Examples of Artificial Perceptions in Optical Character Recognition and Iris Recognition

This paper assumes the hypothesis that human learning is perception based, and consequently, the learning process and perceptions should not be represented and investigated independently or modeled in different simulation spaces. In order to keep the analogy between the artificial and human learning, the former is assumed here as being based on the artificial perception. Hence, instead of choosing to apply or develop a Computational Theory of (human) Perceptions, we choose to mirror the human perceptions in a numeric (computational) space as artificial perceptions and to analyze the interdependence between artificial learning and artificial perception in the same numeric space, using one of the simplest tools of Artificial Intelligence and Soft Computing, namely the perceptrons. As practical applications, we choose to work around two examples: Optical Character Recognition and Iris Recognition. In both cases a simple Turing test shows that artificial perceptions of the difference between two characters and between two irides are fuzzy, whereas the corresponding human perceptions are, in fact, crisp.

💡 Research Summary

The paper begins by positing that human learning is fundamentally perception‑driven, and therefore any computational model of learning should not treat perception as a separate, abstract component but should embed it directly in the same numerical space where learning occurs. To keep the analogy between artificial and human learning, the authors introduce the notion of “artificial perception” – a numeric representation of human perception – and investigate how artificial learning and artificial perception interact when they are modeled together. They deliberately avoid developing a separate computational theory of human perception; instead, they mirror human perceptual judgments in a numeric domain and study the resulting behavior using one of the simplest AI tools: the perceptron.

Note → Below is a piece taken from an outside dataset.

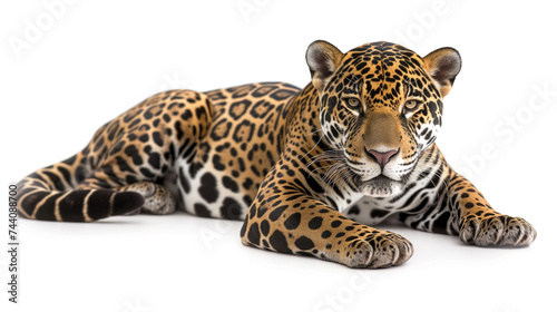 A captivating image of a jaguar in a relaxed position, showcasing its powerful build and intricate spots against a white background

Two practical domains are selected to illustrate the approach: Optical Character Recognition (OCR) and iris recognition. In each case, a simple Turing‑style test is performed: human participants are asked to decide whether two characters (or two irises) are the same or different, while a single‑layer perceptron is trained on the same pairs and asked to produce a decision. Human subjects produce crisp, binary judgments with virtually no ambiguity. The perceptron, however, yields a continuous activation value (the dot product of the weight vector and the input vector). When a threshold is imposed to force a binary output, the activation values near the threshold fluctuate considerably, resulting in fuzzy, uncertain decisions. This discrepancy is highlighted as the central finding: artificial perceptions generated by a linear perceptron are inherently fuzzy, whereas human perceptions are crisp.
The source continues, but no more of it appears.